Exercise =
All of the data should be repeated exactly; pictures are not part of the copy.

Data =
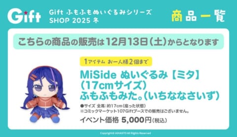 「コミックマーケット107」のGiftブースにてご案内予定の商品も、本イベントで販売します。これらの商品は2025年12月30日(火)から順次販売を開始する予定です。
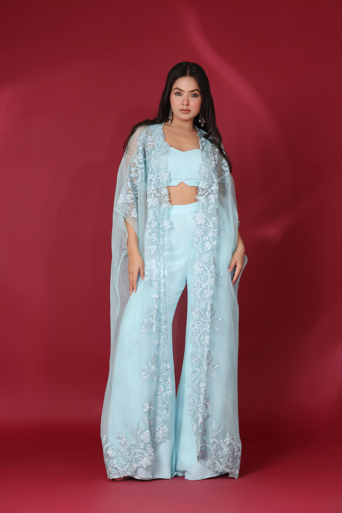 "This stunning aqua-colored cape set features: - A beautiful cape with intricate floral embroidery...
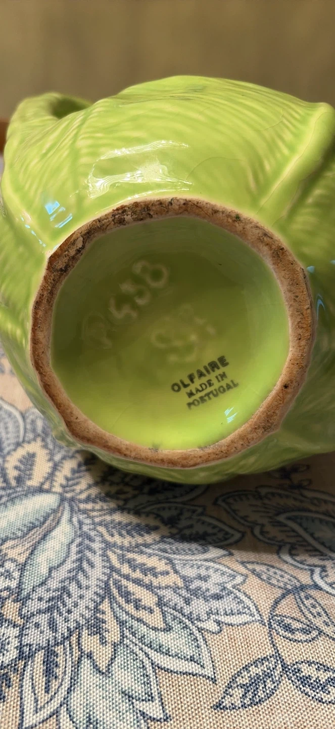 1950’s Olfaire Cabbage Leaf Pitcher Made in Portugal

Answer below =
 「コミックマーケット107」のGiftブースにてご案内予定の商品も、本イベントで販売します。これらの商品は2025年12月30日(火)から順次販売を開始する予定です。
 "This stunning aqua-colored cape set features: - A beautiful cape with intricate floral embroidery...
 1950’s Olfaire Cabbage Leaf Pitcher Made in Portugal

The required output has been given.